By Alanna Brown, LuxEco Editorial Assistant

A contest sponsored by World Bank, entitled “100 Ideas to Save the Planet,” has awarded 26 people world-wide with the money to put their ideas into action. One of those winners, Eduardo Gold, from Licapa Peru, is on a mission to counteract the effects of global warming on his nation’s main supply of water and hydropower. His mission is to bring back the glaciers of the Chalon Sombrero peak in the Andes.

His actions may seem cuckoo, if at best futile, to many onlookers. But it was a brilliant and scientifically sound enough plan for World Bank to give 200,000 to make it a reality. So what is the plan?
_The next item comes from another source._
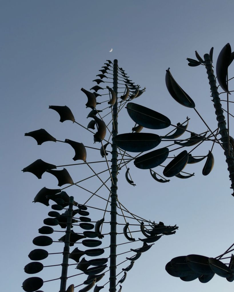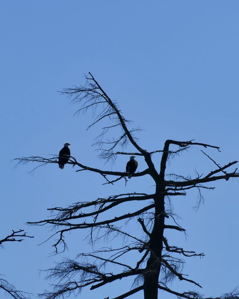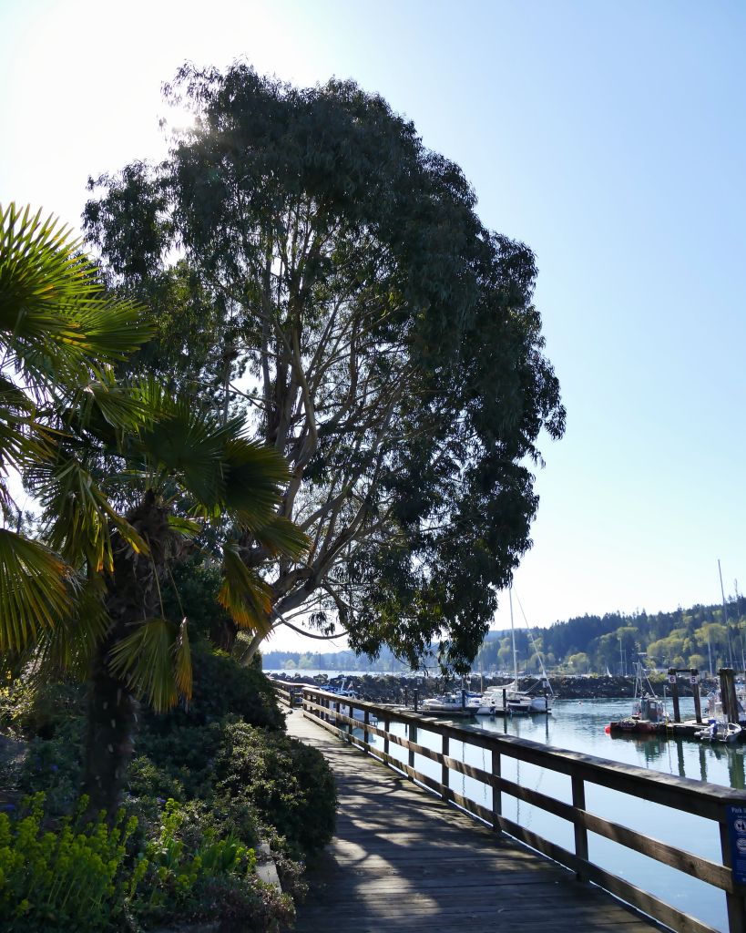 Der Großteil der kleinen Landzunge ist mit schicken Apartment Komplexen betoniert aber es gibt dennoch einen kleinen Trampelpfad bis zur Spitze vor. Muss wohl nicht erwähnen, das ich da natürlich hin muss. Die Apartments haben ein großes Windkunstobjekt vor der Tür, welches ich sehr schön finde und einige interessante Bepflanzungen wie Palmen und Eukalyptus. Ich komme mir fast vor wie in Australien. Dann muss man ein bisschen klettern. Da bereits einige Leute vor mir klettern und gerade Ebbe herrscht, entscheide ich mich für die leichtere Variante und laufe über Stock und Stein unterhalb entlang anstatt über den Hügel zu gehen. Vorn angekommen habe ich einen Blick auf eine winzige Insel auf der gerade zwei Weißkopfseeadler sitzen. Auf der anderen Seite kann man in den Hafen gucken. Herrlich hier.

Using a simple, homemade mixture of lime, water, and egg whites, he and his team of four men have begun whitewashing three mountains just west of Ayacucho, where the Chalon Sombrero glaciers once existed. In two short weeks the men have whitewashed two hectares and have only 68 more to go.
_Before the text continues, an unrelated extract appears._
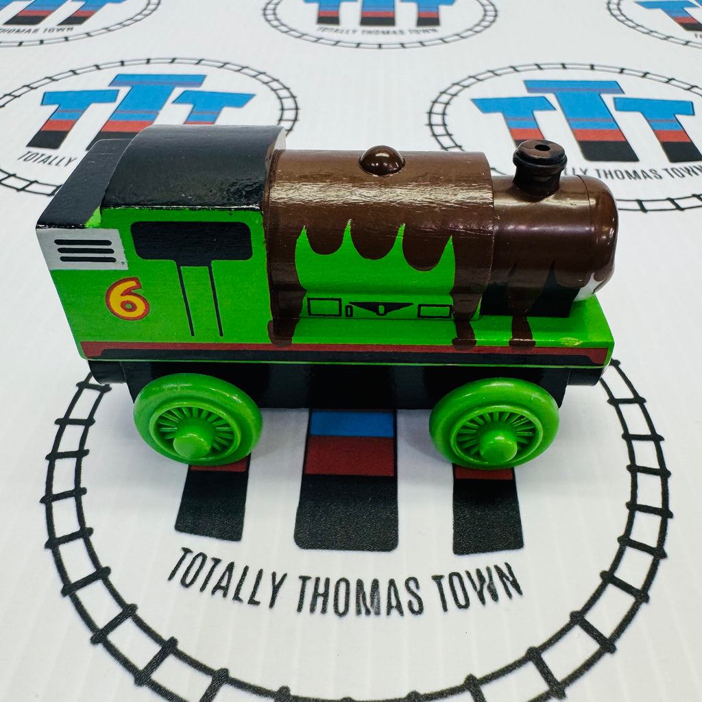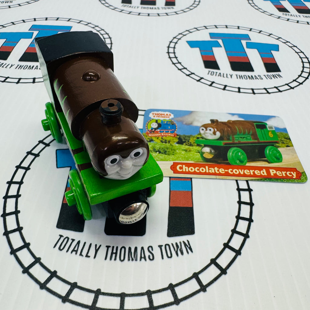 Percy in Chocolate with Card (Learning Curve 2003) Very Good Condition Marked on Bottom Wooden - Used

An article from Inhabitat.com tells us, “Mr. Gold read up on glaciology and found that white surfaces actually reflect the sun’s rays back into the atmosphere instead of internalizing heat. He’s hoping that the whitewashed mountains will create a cold micro-climate which will entice snow to fall, causing glaciers to form.”

Glaciologists have said Gold’s plan has the potential to work on a small scale, but to take effect throughout the entire Andes mountain range would be virtually impossible. Gold is ignoring the cynics for now, determined to keep his village and country from drought. “Cold generates more cold, just as heat generates more heat,” Mr. Gold told the BBC, “I am hopeful that we could re-grow a glacier here because we would be recreating all the climatic conditions necessary for a glacier to form.”
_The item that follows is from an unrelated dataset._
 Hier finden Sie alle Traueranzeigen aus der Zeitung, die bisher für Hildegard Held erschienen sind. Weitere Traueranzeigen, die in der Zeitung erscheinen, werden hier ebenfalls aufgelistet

According to the Peruvian Times, Peru is home to 70 percent of the earth’s tropical glaciers, which not only power the country’s hydroelectricity but also provide the vast desert city of Lima with drinking water. The Andes Mountains have lost at least 22 percent of glacial mass since 1970, including the Quelccaya Glacier, the largest ice cap of the Peruvian Andes, which has shrunken by 30 percent. More dismally, the Broggi Glacier, located atop the largest glacier chain in all the tropics, completed disappeared as of last May.

As global warming continues to heat the earth, its dire effects can make us feel powerless and hopeless. Gold’s idea might seem like an overwhelming task, but his steadfast resolve pushes him on, putting his theory to the test hectare by hectare.